Er is een uitgebreid literatuuronderzoek uitgevoerd, op zoek Pubmed, Embase, Cinahl en Web of Science van oorsprong tot en met april 2016 voor 'Klinefelter-syndroom' en 'vruchtbaarheid' en verschillende synoniemen. Titels en abstracts zijn handmatig gescand door de auteurs in aanmerking te komen.

DEELNEMERS

In totaal bleken 76 onderzoeken in aanmerking te komen voor opname in deze beoordeling. Informatie van de papieren werd afzonderlijk geëxtraheerd door twee auteurs.

BELANGRIJKSTE RESULTATEN

Diverse studies hebben aangetoond dat de pre-puberale kinderen met KS hebben al een verminderd aantal kiemcellen hebben, ondanks een normaal hormonaal profiel tijdens de kindertijd. De aanwezigheid van zaadcellen in het ejaculaat van adolescenten met KS is uiterst zeldzaam. Met behulp van TESE, is het ophalen van geslachtscellen bij jongeren jonger dan 16 jaar oud veel lager (0-20%) in vergelijking met die bij adolescenten en jonge volwassenen tussen de 16 en 30 jaar oud (40-70%). Hoewel spermatogonia kan worden gevonden door TESE in ongeveer de helft van de peri-puberale jongeren, zijn er momenteel geen klinisch functionele technieken voor hun toekomstig gebruik.
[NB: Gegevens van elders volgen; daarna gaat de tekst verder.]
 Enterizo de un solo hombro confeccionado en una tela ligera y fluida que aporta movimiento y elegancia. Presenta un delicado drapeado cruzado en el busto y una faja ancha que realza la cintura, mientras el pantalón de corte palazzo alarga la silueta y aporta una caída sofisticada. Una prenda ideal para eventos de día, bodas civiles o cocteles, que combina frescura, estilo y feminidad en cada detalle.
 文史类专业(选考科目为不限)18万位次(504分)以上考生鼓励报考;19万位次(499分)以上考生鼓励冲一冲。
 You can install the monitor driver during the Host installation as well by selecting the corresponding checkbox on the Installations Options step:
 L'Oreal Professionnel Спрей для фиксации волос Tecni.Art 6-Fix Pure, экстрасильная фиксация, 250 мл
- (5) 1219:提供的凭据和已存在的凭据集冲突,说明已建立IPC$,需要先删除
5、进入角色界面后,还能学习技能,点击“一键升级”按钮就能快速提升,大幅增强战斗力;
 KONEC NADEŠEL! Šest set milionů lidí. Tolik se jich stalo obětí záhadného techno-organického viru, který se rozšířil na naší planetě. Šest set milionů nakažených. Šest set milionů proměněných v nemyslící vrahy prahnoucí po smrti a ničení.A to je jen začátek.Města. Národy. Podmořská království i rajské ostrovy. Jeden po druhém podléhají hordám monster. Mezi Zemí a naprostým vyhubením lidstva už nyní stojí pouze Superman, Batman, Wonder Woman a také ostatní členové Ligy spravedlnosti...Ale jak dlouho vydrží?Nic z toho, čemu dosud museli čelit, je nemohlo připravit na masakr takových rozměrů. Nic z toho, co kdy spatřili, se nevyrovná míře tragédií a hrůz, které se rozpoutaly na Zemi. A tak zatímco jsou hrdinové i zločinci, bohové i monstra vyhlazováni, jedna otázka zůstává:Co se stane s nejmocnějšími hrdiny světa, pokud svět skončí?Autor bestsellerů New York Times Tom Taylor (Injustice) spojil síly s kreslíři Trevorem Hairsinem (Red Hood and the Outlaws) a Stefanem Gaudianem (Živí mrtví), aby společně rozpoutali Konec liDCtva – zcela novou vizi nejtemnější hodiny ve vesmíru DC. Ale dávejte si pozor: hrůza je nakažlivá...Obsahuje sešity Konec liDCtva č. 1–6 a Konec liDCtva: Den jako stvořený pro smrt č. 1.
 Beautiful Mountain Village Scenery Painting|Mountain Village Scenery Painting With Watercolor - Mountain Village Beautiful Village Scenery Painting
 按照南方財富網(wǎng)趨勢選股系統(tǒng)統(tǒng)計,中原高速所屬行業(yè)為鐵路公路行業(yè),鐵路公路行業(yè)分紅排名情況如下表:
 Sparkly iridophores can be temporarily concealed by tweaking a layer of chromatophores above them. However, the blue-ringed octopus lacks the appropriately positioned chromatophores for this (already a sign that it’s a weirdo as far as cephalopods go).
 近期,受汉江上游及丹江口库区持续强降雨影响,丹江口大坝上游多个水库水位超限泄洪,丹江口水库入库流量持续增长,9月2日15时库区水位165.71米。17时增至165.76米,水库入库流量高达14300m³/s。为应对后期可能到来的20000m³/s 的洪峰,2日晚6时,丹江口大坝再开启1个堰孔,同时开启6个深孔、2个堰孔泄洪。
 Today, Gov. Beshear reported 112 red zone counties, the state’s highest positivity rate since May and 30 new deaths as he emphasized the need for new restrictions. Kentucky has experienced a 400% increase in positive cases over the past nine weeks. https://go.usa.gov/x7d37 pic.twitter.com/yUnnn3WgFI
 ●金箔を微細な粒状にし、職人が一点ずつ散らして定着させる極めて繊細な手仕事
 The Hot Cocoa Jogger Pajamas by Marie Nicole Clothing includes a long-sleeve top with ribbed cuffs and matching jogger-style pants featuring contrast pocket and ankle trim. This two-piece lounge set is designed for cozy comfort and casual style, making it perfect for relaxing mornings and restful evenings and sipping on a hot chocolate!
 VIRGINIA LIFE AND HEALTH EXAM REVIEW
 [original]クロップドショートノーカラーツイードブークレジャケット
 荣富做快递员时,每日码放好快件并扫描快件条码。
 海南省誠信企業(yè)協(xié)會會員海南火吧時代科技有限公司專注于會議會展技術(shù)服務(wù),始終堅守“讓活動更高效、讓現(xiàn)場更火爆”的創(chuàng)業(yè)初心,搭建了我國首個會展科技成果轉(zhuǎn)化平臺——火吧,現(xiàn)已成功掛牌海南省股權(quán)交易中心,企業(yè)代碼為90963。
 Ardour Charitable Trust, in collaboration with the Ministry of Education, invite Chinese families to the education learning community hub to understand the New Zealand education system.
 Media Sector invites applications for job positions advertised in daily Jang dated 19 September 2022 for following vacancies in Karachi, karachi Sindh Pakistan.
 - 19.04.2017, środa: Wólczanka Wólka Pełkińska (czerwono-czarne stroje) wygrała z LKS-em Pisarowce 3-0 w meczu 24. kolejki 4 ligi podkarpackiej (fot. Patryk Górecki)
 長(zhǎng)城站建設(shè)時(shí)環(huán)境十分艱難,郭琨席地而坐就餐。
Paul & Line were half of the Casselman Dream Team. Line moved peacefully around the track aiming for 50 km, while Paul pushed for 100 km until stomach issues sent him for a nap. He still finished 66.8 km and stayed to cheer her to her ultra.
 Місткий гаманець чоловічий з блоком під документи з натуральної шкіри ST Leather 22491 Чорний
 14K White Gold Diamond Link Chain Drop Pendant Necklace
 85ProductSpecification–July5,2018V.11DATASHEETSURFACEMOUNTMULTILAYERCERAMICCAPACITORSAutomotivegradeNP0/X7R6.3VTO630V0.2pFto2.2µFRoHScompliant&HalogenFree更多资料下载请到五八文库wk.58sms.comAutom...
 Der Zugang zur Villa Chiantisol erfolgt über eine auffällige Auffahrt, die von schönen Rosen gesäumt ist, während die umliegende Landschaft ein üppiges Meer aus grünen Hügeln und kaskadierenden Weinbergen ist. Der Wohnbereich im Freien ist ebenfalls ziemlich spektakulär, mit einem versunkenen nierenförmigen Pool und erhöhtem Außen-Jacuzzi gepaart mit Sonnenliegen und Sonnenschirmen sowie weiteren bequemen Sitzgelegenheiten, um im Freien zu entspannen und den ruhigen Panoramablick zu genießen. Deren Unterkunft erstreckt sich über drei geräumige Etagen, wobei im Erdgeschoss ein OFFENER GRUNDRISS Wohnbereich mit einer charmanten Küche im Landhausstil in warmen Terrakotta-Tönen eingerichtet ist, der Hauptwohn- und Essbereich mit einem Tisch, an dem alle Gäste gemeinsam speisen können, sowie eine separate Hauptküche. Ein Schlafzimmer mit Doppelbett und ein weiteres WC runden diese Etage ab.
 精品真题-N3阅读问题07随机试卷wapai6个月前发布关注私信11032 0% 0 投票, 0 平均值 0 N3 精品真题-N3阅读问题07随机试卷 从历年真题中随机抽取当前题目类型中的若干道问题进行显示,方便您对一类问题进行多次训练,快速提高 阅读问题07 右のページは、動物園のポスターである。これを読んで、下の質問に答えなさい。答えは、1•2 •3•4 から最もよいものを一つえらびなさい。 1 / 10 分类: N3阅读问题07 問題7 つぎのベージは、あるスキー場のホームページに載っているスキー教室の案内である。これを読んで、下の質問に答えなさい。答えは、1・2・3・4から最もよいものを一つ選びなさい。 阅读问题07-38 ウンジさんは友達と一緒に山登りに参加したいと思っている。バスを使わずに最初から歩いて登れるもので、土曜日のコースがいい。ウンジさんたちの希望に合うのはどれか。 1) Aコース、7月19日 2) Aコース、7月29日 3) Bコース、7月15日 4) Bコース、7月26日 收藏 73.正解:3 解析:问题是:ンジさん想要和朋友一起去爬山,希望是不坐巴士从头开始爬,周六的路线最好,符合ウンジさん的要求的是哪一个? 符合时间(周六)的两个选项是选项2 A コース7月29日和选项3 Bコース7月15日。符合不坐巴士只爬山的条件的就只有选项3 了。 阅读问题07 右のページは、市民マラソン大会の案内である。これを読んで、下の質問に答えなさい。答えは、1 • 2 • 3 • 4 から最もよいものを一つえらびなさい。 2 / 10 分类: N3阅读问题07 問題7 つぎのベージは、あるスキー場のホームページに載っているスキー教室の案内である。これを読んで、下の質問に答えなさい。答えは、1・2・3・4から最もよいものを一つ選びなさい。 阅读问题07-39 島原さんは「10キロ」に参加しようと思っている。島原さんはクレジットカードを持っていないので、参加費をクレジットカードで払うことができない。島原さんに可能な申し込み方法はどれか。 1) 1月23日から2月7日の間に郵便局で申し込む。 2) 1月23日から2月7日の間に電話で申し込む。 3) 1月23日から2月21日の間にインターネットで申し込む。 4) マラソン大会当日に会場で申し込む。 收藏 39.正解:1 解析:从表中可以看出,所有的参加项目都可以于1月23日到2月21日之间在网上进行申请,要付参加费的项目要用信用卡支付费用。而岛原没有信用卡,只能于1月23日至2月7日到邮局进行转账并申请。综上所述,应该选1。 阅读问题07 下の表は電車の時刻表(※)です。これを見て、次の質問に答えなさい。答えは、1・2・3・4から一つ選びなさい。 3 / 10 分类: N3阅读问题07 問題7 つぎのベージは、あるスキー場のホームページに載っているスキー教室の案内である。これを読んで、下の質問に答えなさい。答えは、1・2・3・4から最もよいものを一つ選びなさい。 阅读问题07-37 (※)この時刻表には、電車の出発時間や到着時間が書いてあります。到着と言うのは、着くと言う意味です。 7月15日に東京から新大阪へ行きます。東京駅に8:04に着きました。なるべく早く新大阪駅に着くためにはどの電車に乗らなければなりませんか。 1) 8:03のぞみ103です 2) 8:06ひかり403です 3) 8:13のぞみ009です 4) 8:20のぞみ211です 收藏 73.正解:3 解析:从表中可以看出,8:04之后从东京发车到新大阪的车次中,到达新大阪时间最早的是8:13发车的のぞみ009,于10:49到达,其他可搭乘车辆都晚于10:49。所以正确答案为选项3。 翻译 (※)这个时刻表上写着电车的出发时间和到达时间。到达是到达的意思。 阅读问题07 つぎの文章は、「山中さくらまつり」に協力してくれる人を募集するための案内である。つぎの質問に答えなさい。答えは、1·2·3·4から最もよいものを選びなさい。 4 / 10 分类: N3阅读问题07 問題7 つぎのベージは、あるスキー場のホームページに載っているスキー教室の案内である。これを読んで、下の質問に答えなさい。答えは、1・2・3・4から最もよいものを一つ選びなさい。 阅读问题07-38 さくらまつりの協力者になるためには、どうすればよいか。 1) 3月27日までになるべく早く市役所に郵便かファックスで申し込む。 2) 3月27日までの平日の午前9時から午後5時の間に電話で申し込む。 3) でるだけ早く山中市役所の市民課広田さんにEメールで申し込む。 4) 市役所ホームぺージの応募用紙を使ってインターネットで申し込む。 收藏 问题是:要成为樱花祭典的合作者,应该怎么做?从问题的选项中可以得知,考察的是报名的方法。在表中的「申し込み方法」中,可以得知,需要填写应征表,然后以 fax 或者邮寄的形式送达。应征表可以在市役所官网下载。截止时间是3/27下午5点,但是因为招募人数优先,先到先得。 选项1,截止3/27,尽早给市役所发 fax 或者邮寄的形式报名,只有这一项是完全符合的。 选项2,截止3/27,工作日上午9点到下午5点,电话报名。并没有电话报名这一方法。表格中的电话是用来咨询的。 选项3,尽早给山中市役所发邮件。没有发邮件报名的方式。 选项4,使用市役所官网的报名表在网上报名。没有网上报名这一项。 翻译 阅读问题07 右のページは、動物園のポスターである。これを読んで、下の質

Kinderen en jongeren moeten worden geïnformeerd dat vroege vruchtbaarheidsbehoud vóór de leeftijd van 16 jaar niet later kan garanderen dat de vruchtbaarheid in het leven en kan zelfs de kans op nageslacht verminderen door het verwijderen van functioneel onrijpe kiemcellen die eventueel kunnen uitgroeien tot spermatozoa na de puberteit. Verder, behalve de leeftijd van de patiënten met het syndroom van Klinefelter, zijn er geen factoren geïdentificeerd die met zekerheid kan worden gebruikt als een voorspellende marker voor vruchtbaarheidsbehoud.

BEPERKINGEN

Het merendeel van de gepresenteerde resultaten in deze review is gebaseerd op onderzoeken met inbegrip van een klein aantal jongeren met KS. Daarom kunnen de onderzoeken zijn die klinisch significante verschillen voor de verschillende resultaten, vooral voor potentiële voorspellende factoren vruchtbaarheidsbehoud zoals hormoonniveaus detecteren. Bovendien is de patiëntenpopulatie met KS gediagnosticeerd tijdens de kindertijd verschillend van de volwassen bevolking KS waarbij de diagnose is gebaseerd op onvruchtbaarheid. Resultaten op basis van vergelijkingen tussen de twee groepen moeten met voorzichtigheid worden geïnterpreteerd.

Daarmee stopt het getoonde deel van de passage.